A correlation between abscisic acid-induced gene expression and aphid-induced gene expression (Fig. 3) has been observed in several plant species (Zhu-Salzman et al., 2004; Park et al., 2006; Kerchev et al., 2013; Hillwig et al., 2015). Abscisic acid signaling often has been associated with osmotic stress responses in plants, leading to the hypothesis that removal of phloem content by aphids can cause wilting and thereby mimic osmotic stress. However, infiltration of aphid saliva by itself induces the characteristic expression of abscisic acid-regulated genes (De Vos and Jander, 2009), indicating that osmotic stress caused by the removal of phloem sap is not essential for this transcriptional response. It has been suggested that aphids up-regulate abscisic acid signaling, which decreases the stomatal aperture and leaf transpiration, thereby maintaining the leaf water potential that aphids need for feeding (Sun et al., 2015). Arabidopsis mutants that are defective in abscisic acid signaling are more resistant to aphids (Kerchev et al., 2013; Hillwig et al., 2015), which also indicates a more direct role in plant-aphid interactions.

In contrast to the generally positive correlation between aphid feeding and jasmonic acid-, salicylic acid-, and abscisic acid-regulated gene expression, genes regulated by cytokinins were negatively correlated with the effects of aphid feeding (Fig. 3). Cytokinins regulate plant growth and development, source/sink relations, as well as biotic and abiotic environmental interactions (Kieber and Schaller, 2014). The up-regulation of endogenous plant cytokinin production can delay the process of leaf senescence (Gan and Amasino, 1995). Thus, the overall down-regulation of cytokinin-responsive genes, as well as the decrease in leaf cytokinin content during aphid infestation of maize leaves (Supplemental Fig. S5), may be indications that the maize leaves attenuate growth processes and, instead, might be senescing.
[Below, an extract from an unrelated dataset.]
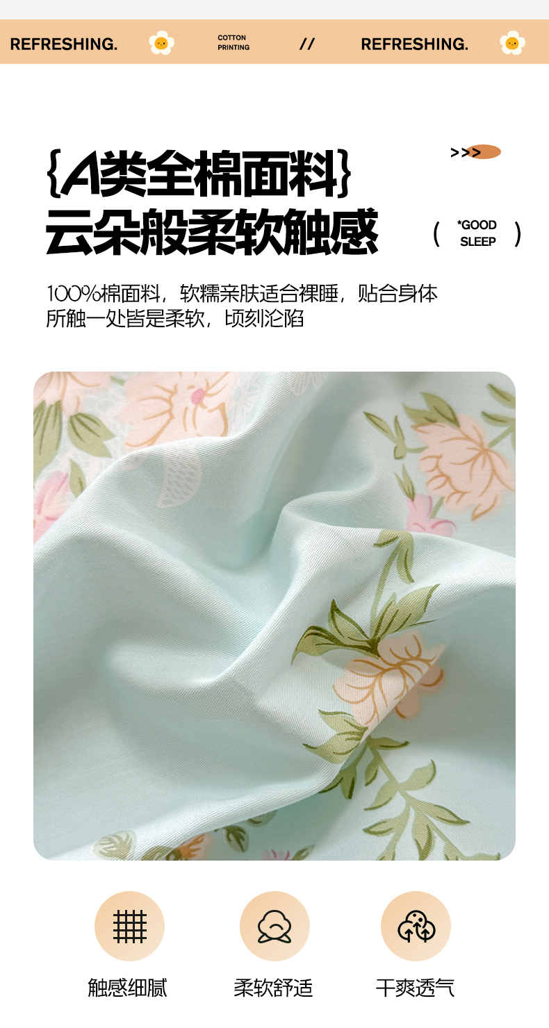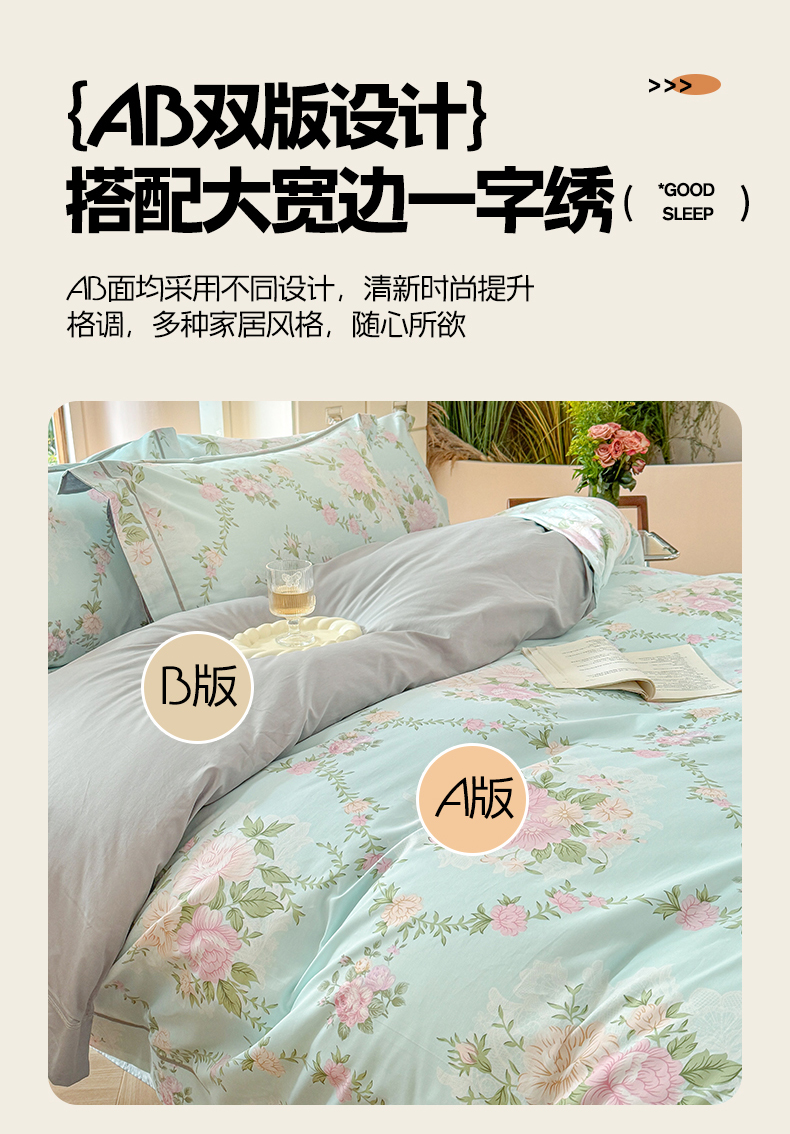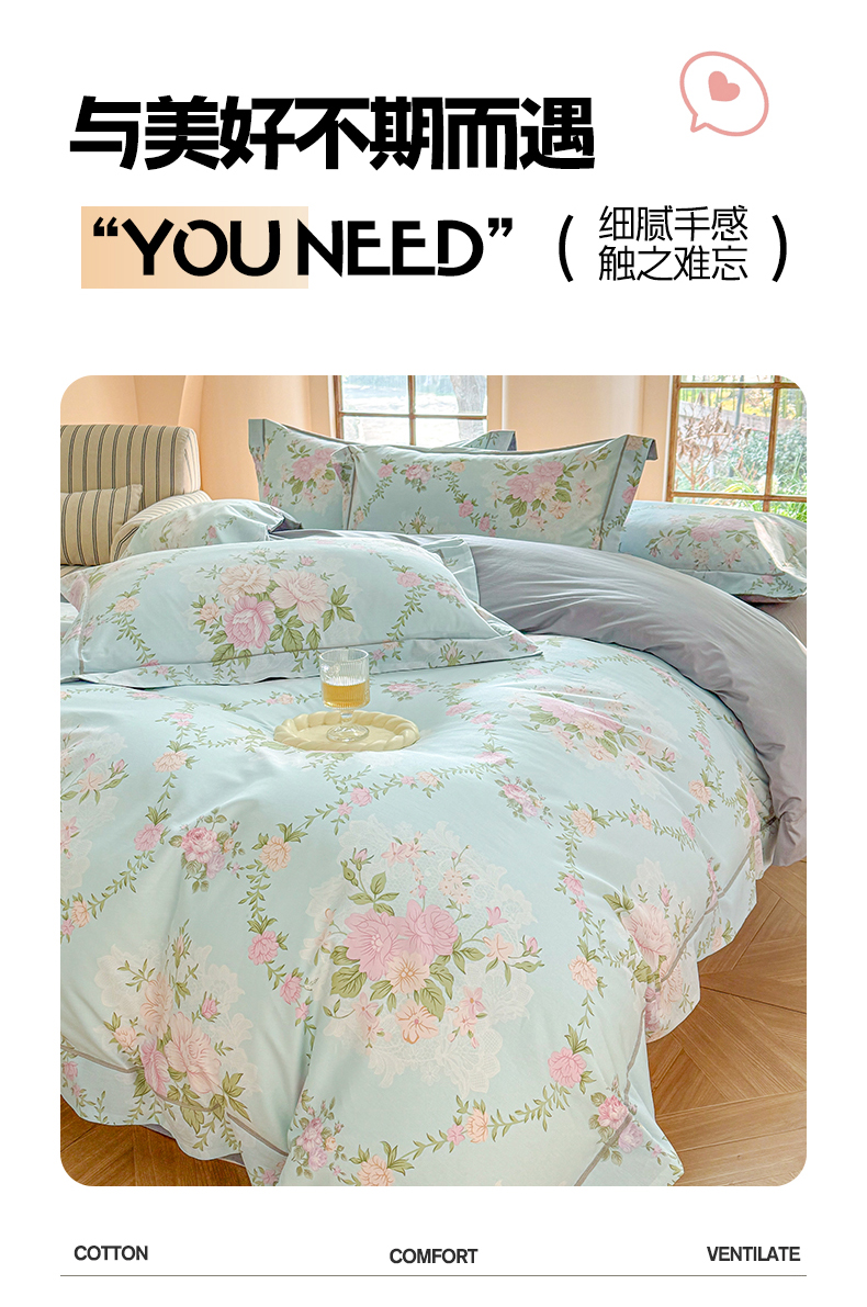 当前位置: 91家纺网 > 商品网购 > 床品套件 > 四件套 > 全棉普通四件套 > 7V 2025新款轻奢大宽边100%纯棉四件套133*76全棉喷气宽幅长绒棉被套床单床笠套件 曼妙

Consistent with the observed increase in jasmonic acid content in the early stages of aphid infestation (Fig. 4B), there is an expression increase in some genes of the benzoxazinoid pathway (Fig. 6B). In particular, Bx1, which may be the rate-limiting step in the pathway (Zhang et al., 2015), shows increased expression. We previously demonstrated that a bx1::Ds mutation reduces benzoxazinoid content and increases aphid reproduction on maize inbred line W22 (Betsiashvili et al., 2015). As indole, the product of the Bx1 enzyme, is an essential component of primary metabolism and also serves as a precursor for other defensive secondary metabolites, we could not rule out the possibility that not only the absence of benzoxazinoids but perhaps other maize metabolites improves aphid growth. However, a bx2::Ds mutation has the same effect on aphid reproduction as bx1::Ds (Fig. 6D). Bx2 encodes a cytochrome P450 that uses indole as a substrate to produce indolin-3-one (Frey et al., 1997) and is thus the committing enzyme for benzoxazinoid biosynthesis. Since a bx2 mutation is less likely to affect the production of other indole-derived plant defensive metabolites (Erb et al., 2015), the improved aphid growth on this mutant line is more plausibly caused by reduced benzoxazinoid content.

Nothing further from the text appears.